## Your instructions
Return each line below exactly as it reads, and omit any image in it.

## Data section
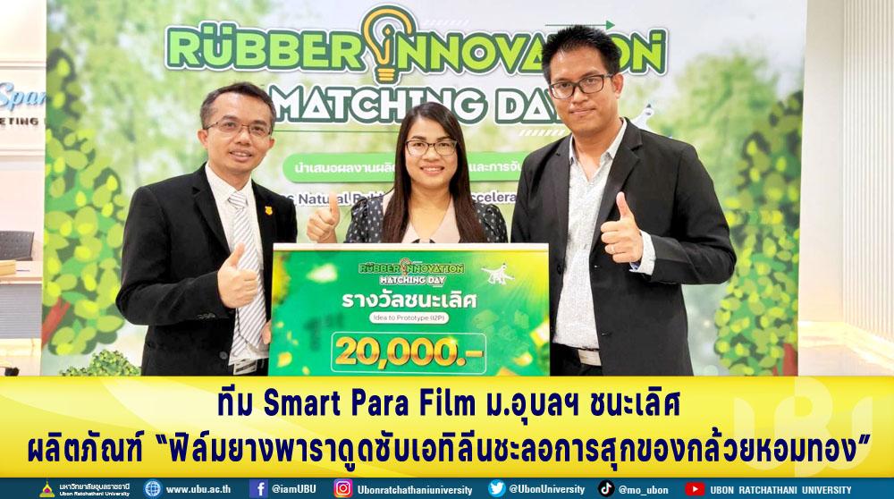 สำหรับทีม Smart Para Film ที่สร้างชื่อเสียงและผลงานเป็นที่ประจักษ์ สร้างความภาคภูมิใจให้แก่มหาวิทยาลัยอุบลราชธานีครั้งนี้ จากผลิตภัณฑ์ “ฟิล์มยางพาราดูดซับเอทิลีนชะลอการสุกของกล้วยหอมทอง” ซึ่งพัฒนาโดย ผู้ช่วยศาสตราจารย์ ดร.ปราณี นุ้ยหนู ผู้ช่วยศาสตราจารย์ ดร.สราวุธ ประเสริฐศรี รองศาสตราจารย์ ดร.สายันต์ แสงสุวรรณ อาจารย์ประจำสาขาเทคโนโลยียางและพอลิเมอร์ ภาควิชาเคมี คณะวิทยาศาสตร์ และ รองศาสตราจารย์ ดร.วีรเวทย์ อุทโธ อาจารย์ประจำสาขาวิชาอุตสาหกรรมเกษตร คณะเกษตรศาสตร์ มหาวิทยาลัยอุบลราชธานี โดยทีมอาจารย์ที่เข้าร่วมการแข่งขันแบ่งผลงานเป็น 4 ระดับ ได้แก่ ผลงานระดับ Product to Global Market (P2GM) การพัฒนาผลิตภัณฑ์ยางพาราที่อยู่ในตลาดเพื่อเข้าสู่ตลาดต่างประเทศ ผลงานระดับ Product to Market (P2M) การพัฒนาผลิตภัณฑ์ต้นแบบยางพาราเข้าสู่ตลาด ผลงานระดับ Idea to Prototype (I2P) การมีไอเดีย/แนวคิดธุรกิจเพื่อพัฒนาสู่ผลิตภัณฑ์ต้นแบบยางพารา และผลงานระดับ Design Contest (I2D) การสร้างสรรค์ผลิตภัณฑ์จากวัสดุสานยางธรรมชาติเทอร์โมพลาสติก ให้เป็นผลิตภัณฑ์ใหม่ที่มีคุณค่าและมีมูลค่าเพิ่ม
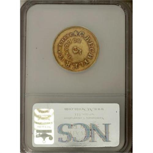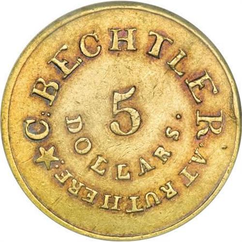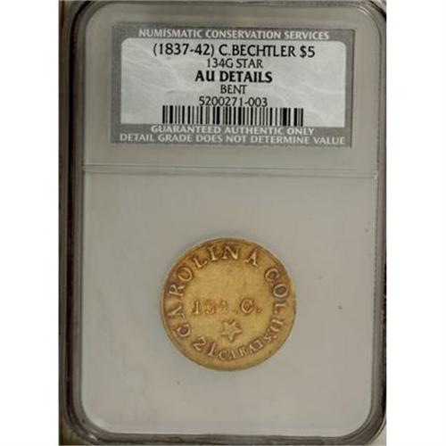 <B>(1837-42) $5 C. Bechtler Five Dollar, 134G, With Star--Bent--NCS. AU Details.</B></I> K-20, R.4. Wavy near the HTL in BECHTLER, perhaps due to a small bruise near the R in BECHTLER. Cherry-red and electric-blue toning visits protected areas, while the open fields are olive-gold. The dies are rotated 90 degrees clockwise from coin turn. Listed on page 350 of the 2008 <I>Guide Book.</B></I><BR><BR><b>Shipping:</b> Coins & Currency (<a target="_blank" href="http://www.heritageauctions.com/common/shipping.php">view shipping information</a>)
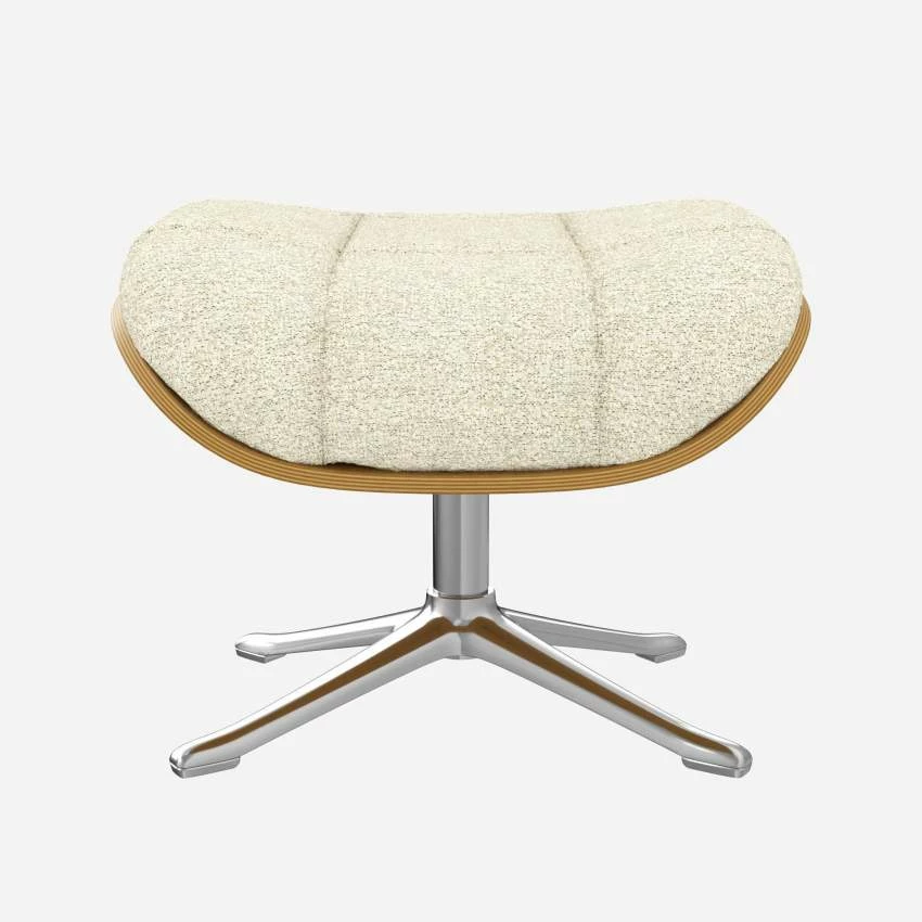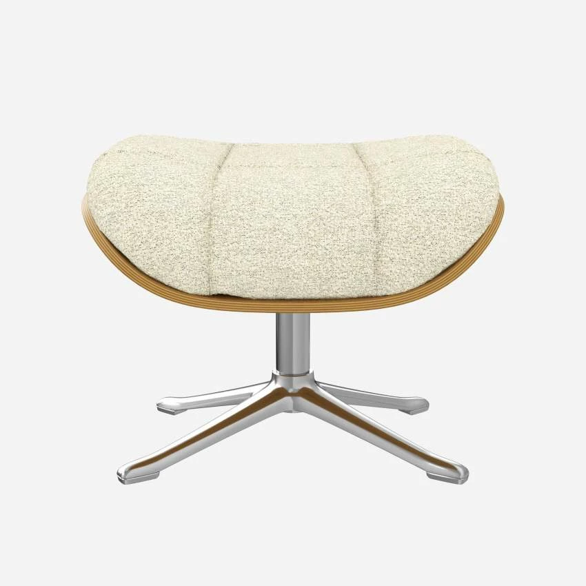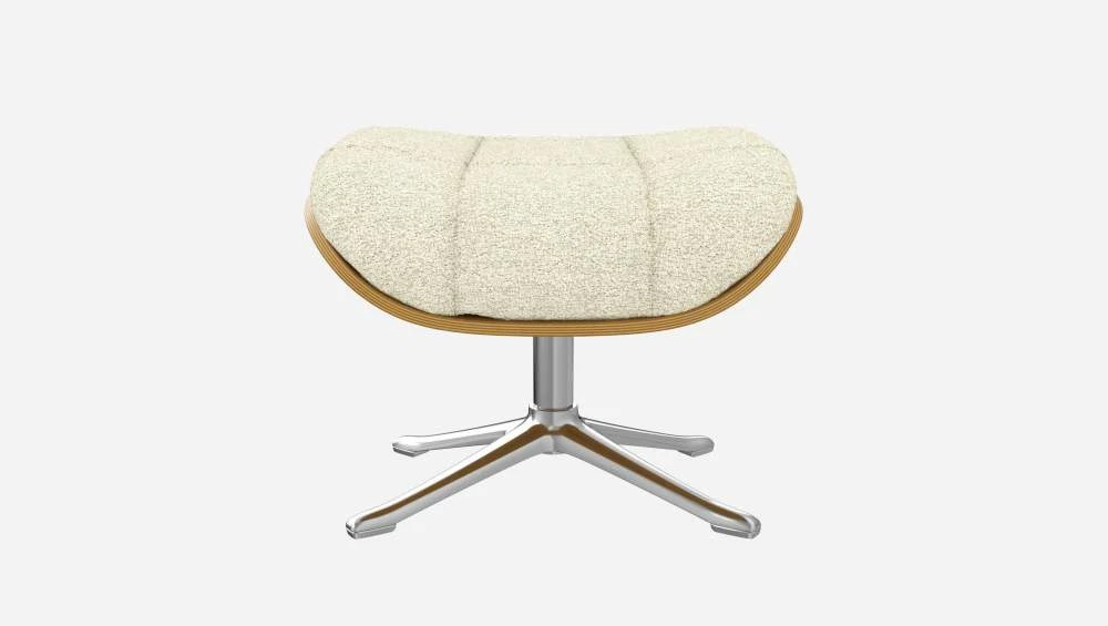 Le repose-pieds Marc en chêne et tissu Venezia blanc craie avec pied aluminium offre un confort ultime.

## Result of this task
 สำหรับทีม Smart Para Film ที่สร้างชื่อเสียงและผลงานเป็นที่ประจักษ์ สร้างความภาคภูมิใจให้แก่มหาวิทยาลัยอุบลราชธานีครั้งนี้ จากผลิตภัณฑ์ “ฟิล์มยางพาราดูดซับเอทิลีนชะลอการสุกของกล้วยหอมทอง” ซึ่งพัฒนาโดย ผู้ช่วยศาสตราจารย์ ดร.ปราณี นุ้ยหนู ผู้ช่วยศาสตราจารย์ ดร.สราวุธ ประเสริฐศรี รองศาสตราจารย์ ดร.สายันต์ แสงสุวรรณ อาจารย์ประจำสาขาเทคโนโลยียางและพอลิเมอร์ ภาควิชาเคมี คณะวิทยาศาสตร์ และ รองศาสตราจารย์ ดร.วีรเวทย์ อุทโธ อาจารย์ประจำสาขาวิชาอุตสาหกรรมเกษตร คณะเกษตรศาสตร์ มหาวิทยาลัยอุบลราชธานี โดยทีมอาจารย์ที่เข้าร่วมการแข่งขันแบ่งผลงานเป็น 4 ระดับ ได้แก่ ผลงานระดับ Product to Global Market (P2GM) การพัฒนาผลิตภัณฑ์ยางพาราที่อยู่ในตลาดเพื่อเข้าสู่ตลาดต่างประเทศ ผลงานระดับ Product to Market (P2M) การพัฒนาผลิตภัณฑ์ต้นแบบยางพาราเข้าสู่ตลาด ผลงานระดับ Idea to Prototype (I2P) การมีไอเดีย/แนวคิดธุรกิจเพื่อพัฒนาสู่ผลิตภัณฑ์ต้นแบบยางพารา และผลงานระดับ Design Contest (I2D) การสร้างสรรค์ผลิตภัณฑ์จากวัสดุสานยางธรรมชาติเทอร์โมพลาสติก ให้เป็นผลิตภัณฑ์ใหม่ที่มีคุณค่าและมีมูลค่าเพิ่ม
 <B>(1837-42) $5 C. Bechtler Five Dollar, 134G, With Star--Bent--NCS. AU Details.</B></I> K-20, R.4. Wavy near the HTL in BECHTLER, perhaps due to a small bruise near the R in BECHTLER. Cherry-red and electric-blue toning visits protected areas, while the open fields are olive-gold. The dies are rotated 90 degrees clockwise from coin turn. Listed on page 350 of the 2008 <I>Guide Book.</B></I><BR><BR><b>Shipping:</b> Coins & Currency (<a target="_blank" href="http://www.heritageauctions.com/common/shipping.php">view shipping information</a>)
 Le repose-pieds Marc en chêne et tissu Venezia blanc craie avec pied aluminium offre un confort ultime.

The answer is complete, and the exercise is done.